◆ Task requirements:
Return the data that follows exactly as it appears. Pictures do not belong in the copy.

**** Raw data

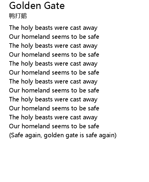 | [04:10.14] | (Safe again, golden gate is safe again) |
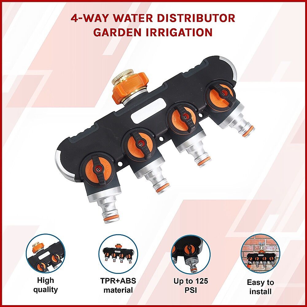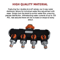 Featuring four double shut-off valves, our 4-way water distributor allows for individual water flow adjustment with ease. Simply turn the knob to control water flow, ensuring precise distribution. Withstanding water currents of up to 125 PSI, rest assured there will be no leaks or drops to worry about.
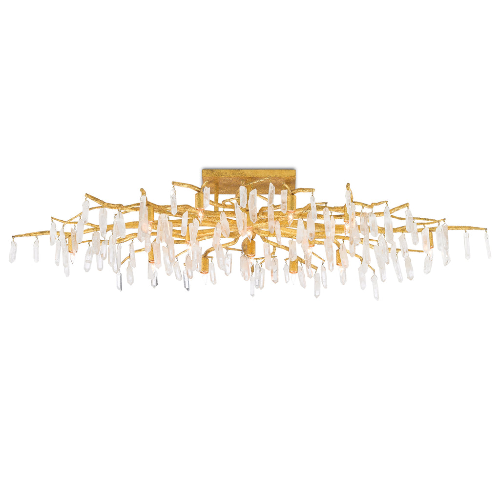 The gold version of the Currey & Co Forest Light Semi-Flush is a truly exceptional work of art fanning out from its center to reach 60 inches in diameter. Place this object art in a room and it will become a stunning sculptural piece dripping with quartz crystals. The washed Lucerne gold finish is a perfect complement to the quartz on this piece that echoes nature with its tree-like branches.
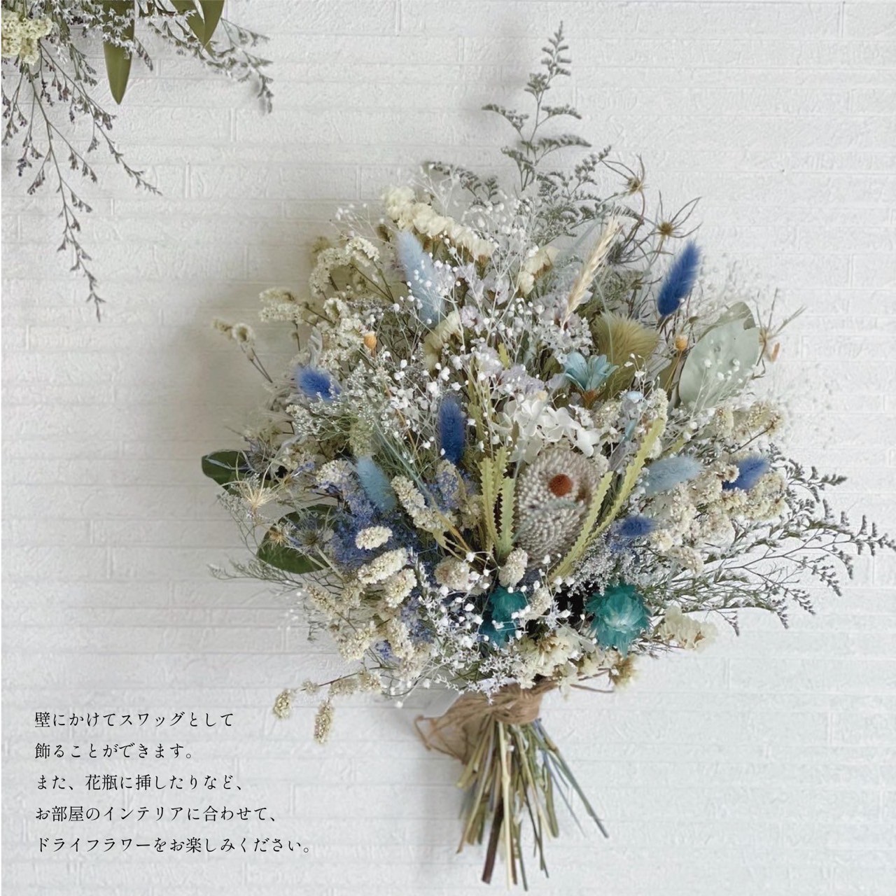 壁に掛けたり、花器にいけたり、自由に飾って頂けます。

********

◆ Solution to this problem:
 | [04:10.14] | (Safe again, golden gate is safe again) |
 Featuring four double shut-off valves, our 4-way water distributor allows for individual water flow adjustment with ease. Simply turn the knob to control water flow, ensuring precise distribution. Withstanding water currents of up to 125 PSI, rest assured there will be no leaks or drops to worry about.
 The gold version of the Currey & Co Forest Light Semi-Flush is a truly exceptional work of art fanning out from its center to reach 60 inches in diameter. Place this object art in a room and it will become a stunning sculptural piece dripping with quartz crystals. The washed Lucerne gold finish is a perfect complement to the quartz on this piece that echoes nature with its tree-like branches.
 壁に掛けたり、花器にいけたり、自由に飾って頂けます。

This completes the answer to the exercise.